- _What you are asked to do_
Exactly the lines from the beginning of the records to the line with "Con todo lo", both ends included, are to be given again, and pictures are to be left out.

=== Section Start ===

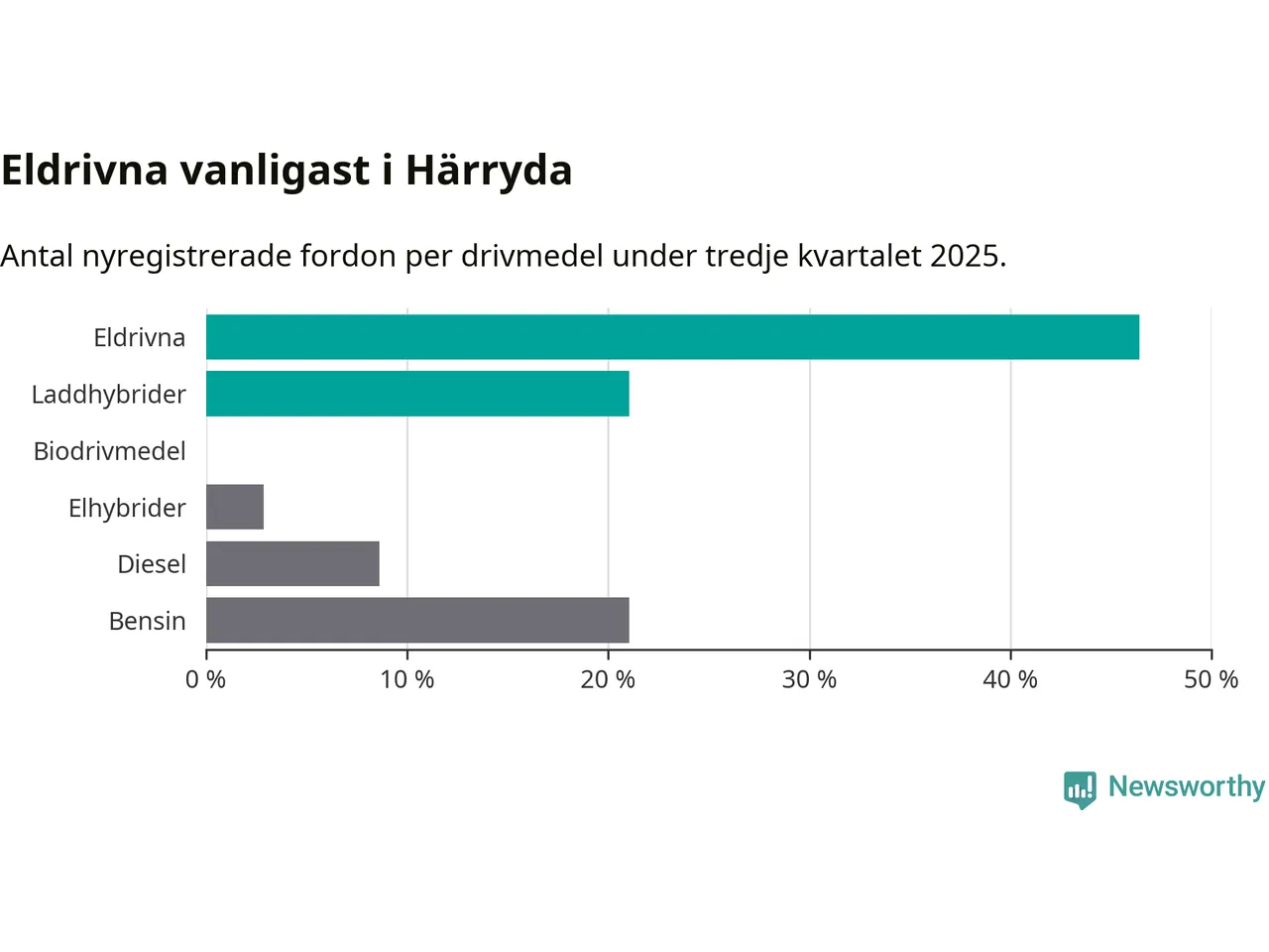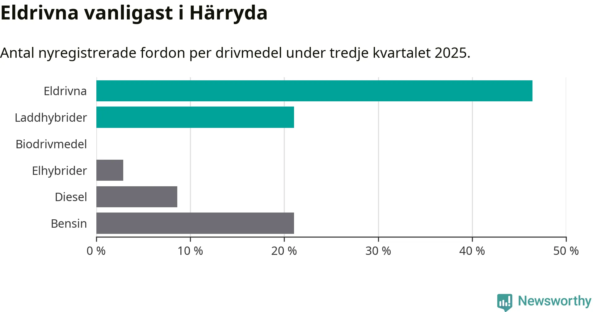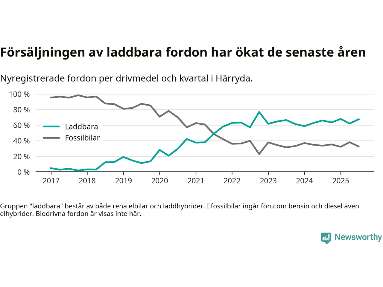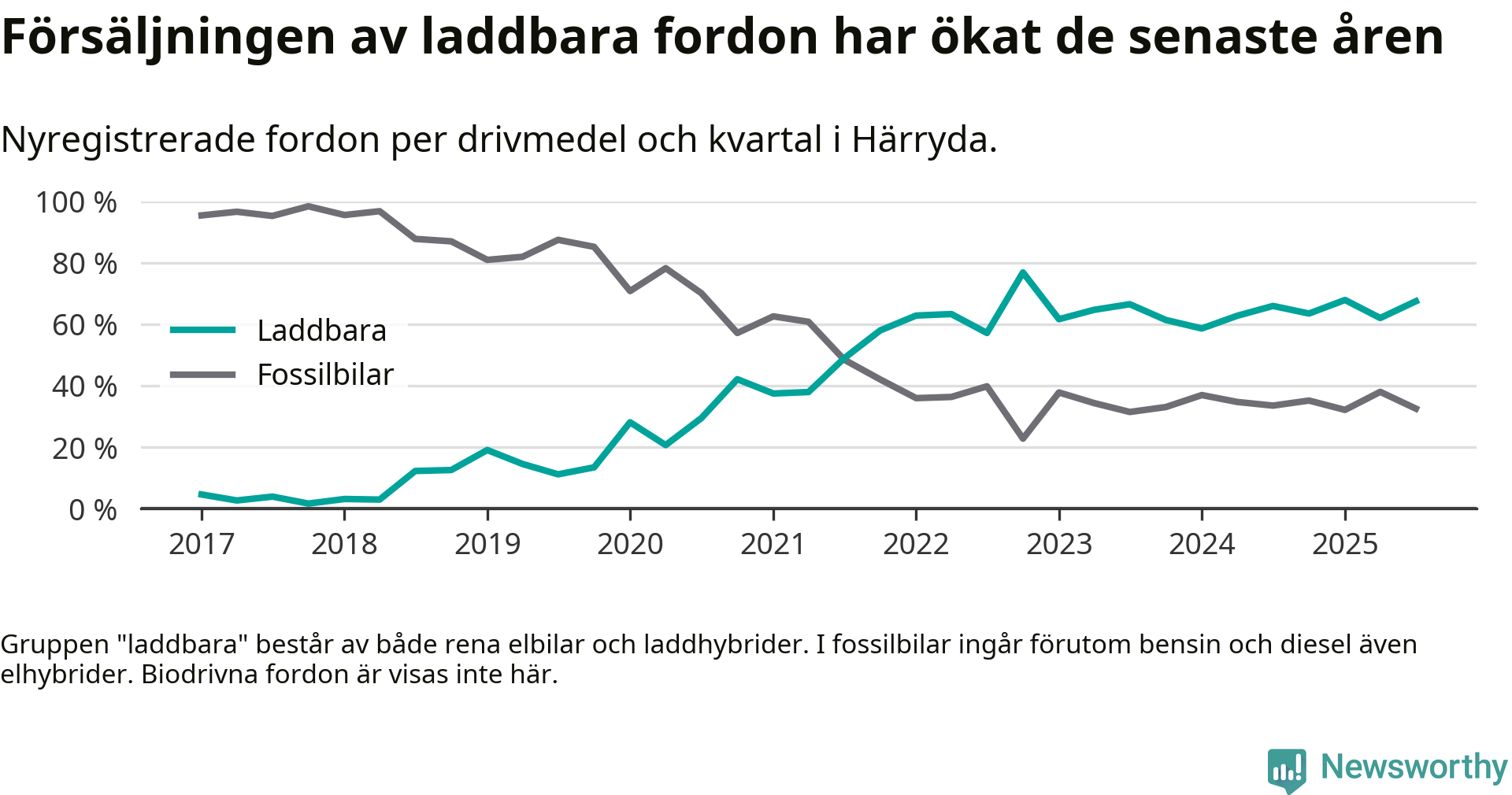 Under tredje kvartalet 2025 var 67 procent av alla nyregistrerade personbilar i Härryda laddbara (sammanlagt registrerades 209 nya bilar). Merparten av de laddbara bilarna var rena elbilar (46 procent av alla).
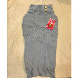 Smoochie Pooch Pet Blue Sweater With Pearl Details SZ Large
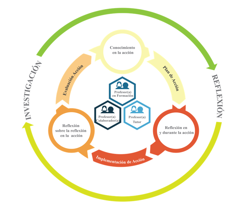 Con todo lo anteriormente expuesto, el modelo formativo-reflexivo a operar bajo el eje de práctica de la FID, incorpora, de manera simultánea, el enfoque metodológico de la investigación-acción propuesta por Kemmis y McTaggart (1992), y el modelo de práctica reflexiva de Schön (1998). Dicho modelo se configura en una estrategia de innovación y mejora continua para la FID, los cuales a través de una mirada teórica-crítica-práctica y sobre todo reflexiva, buscan aportar al desarrollo del Sistema Educativo.
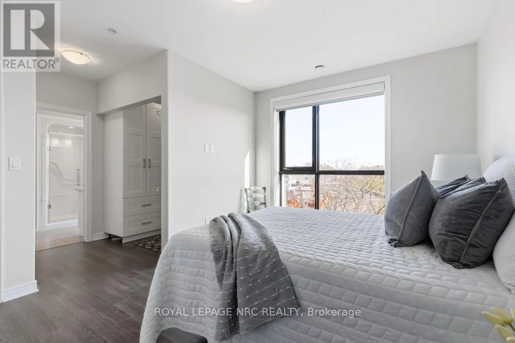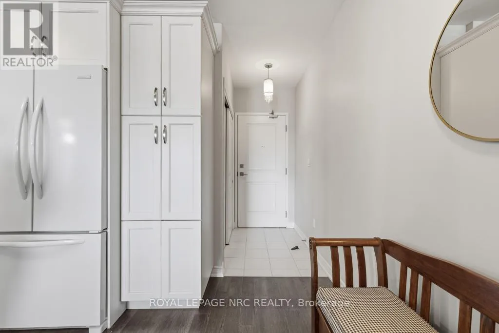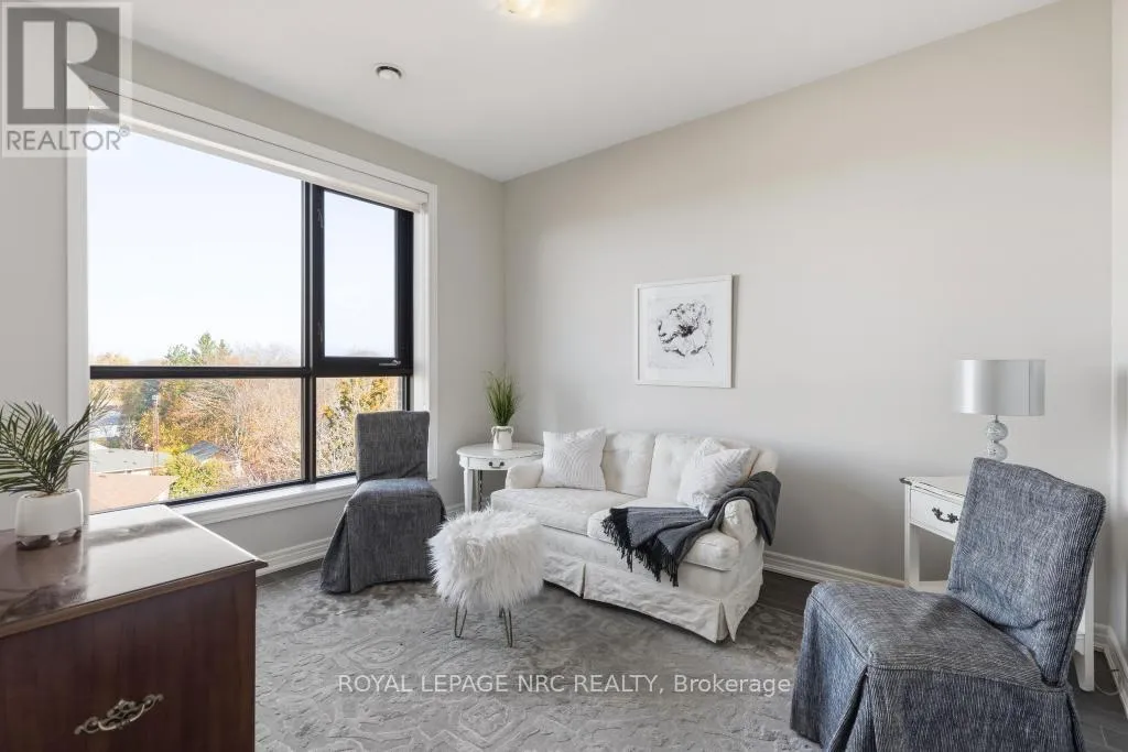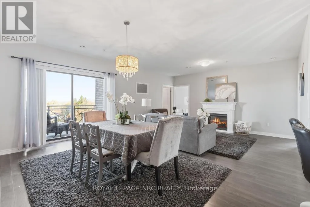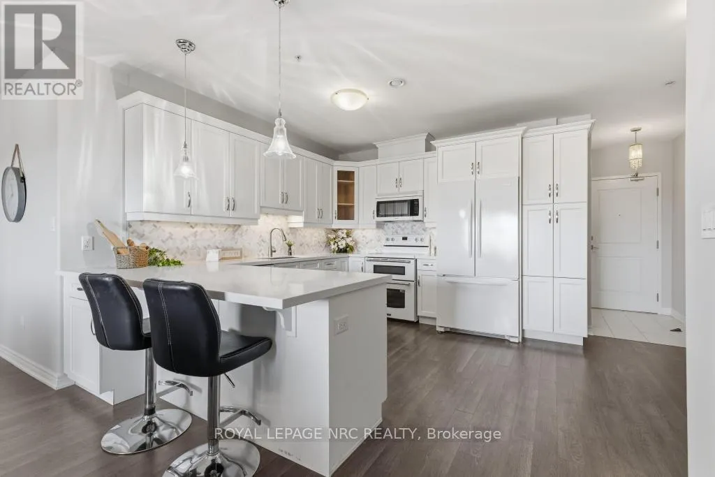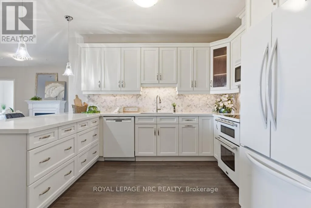 Scott and Niagara Downsize without sacrificing space or privacy and enjoy no condo fees until November, offering immediate value and a carefree start to your next chapter. This rare 2 bed, 2 bath, 1,295 sf corner suite is the largest in the building. Enjoy an elevated lifestyle, free from snow shoveling and lawn care, while still having the space to welcome family and friends for comfortable gatherings and meaningful moments.This is the only suite in the building with a dedicated dining area. The kitchen is exceptionally functional with a large pantry, deep drawers, solid surface countertops and a peninsula for casual dining. The open-concept living area feels spacious and inviting. The large north-facing balcony overlooks the treetops and remains comfortable throughout the day, creating a peaceful outdoor retreat.The primary bedroom features a generous walk-in closet and spa-inspired ensuite with double sinks. A spacious in-suite laundry room adds convenience and additional storage. The suite includes 2 lockers - 1 owned (located by the parking space) and 1 rented ($43.20/month on the 4th floor, optional). The parking space is ideally positioned directly across from the elevator.Walker's Creek is known for its strong, knowledgeable board and warm, connected community, supported by an active social committee hosting gatherings throughout the year. Amenities include an event room with full kitchen (accommodates 50+), a creekside gazebo with barbecue and seating, a 2nd floor conservatory with books, games tables, lounge areas, light exercise equipment, and a workshop.Residents love the location - steps to Sobeys, Meridian Credit Union, Tim Hortons, Wimpy's Diner, pharmacies, walking trails and daily essentials. Built with Insulated Concrete Forms (steel-reinforced concrete with rigid insulation), the building offers exceptional durability, energy efficiency and sound reduction. (id:27476)
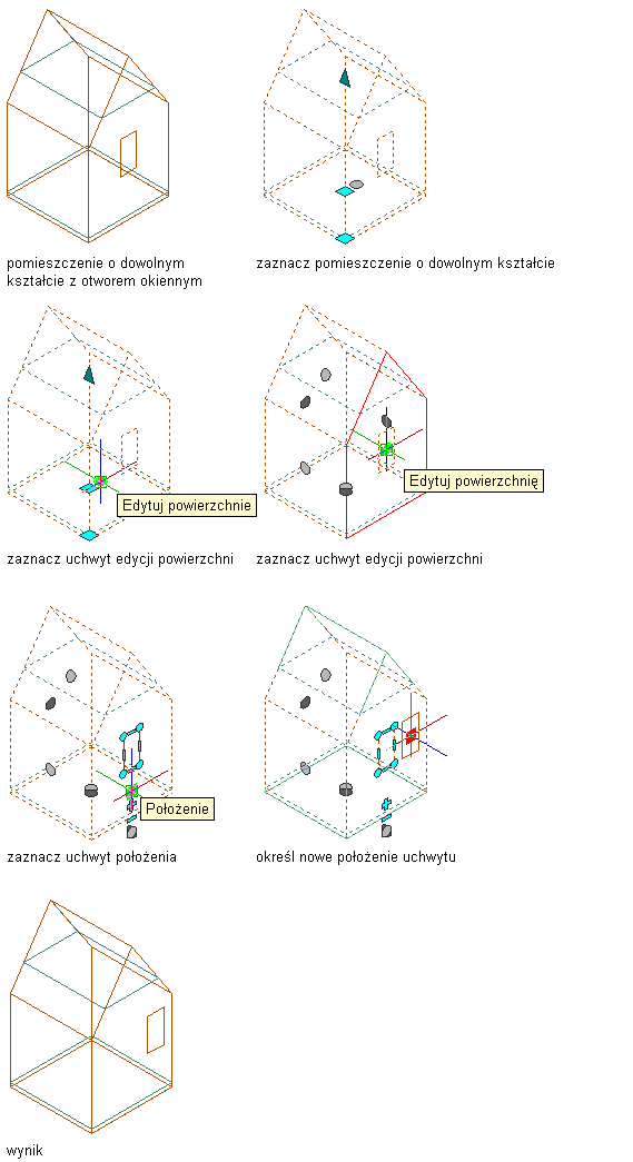 Procedura ta służy do przesuwania otworu w na powierzchni pomieszczenia 3D o dowolnym kształcie.
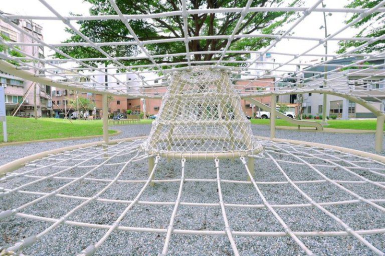 市長鄭朝方親自開箱提到,公園基地面積615坪,打造出「以樹織網」的特色公園,孩子可以盡情地垂直向或水平向攀爬嬉戲,啟發肌耐力與協調性,也能作為吊床般的休憩空間,樹網搭配有溜滑梯,讓孩子在奔放與靜謐之間自由切換,充分放電、自在探索,這座森林系遊戲場是全台少數城市裡最具生態性的社區公園之一,再加上一旁是新社國小,更具有「教科書」示範意義,成為學童日常生活的一部分。

=== Section End ===

- _Solution below_
 Under tredje kvartalet 2025 var 67 procent av alla nyregistrerade personbilar i Härryda laddbara (sammanlagt registrerades 209 nya bilar). Merparten av de laddbara bilarna var rena elbilar (46 procent av alla).
 Smoochie Pooch Pet Blue Sweater With Pearl Details SZ Large
 Con todo lo anteriormente expuesto, el modelo formativo-reflexivo a operar bajo el eje de práctica de la FID, incorpora, de manera simultánea, el enfoque metodológico de la investigación-acción propuesta por Kemmis y McTaggart (1992), y el modelo de práctica reflexiva de Schön (1998). Dicho modelo se configura en una estrategia de innovación y mejora continua para la FID, los cuales a través de una mirada teórica-crítica-práctica y sobre todo reflexiva, buscan aportar al desarrollo del Sistema Educativo.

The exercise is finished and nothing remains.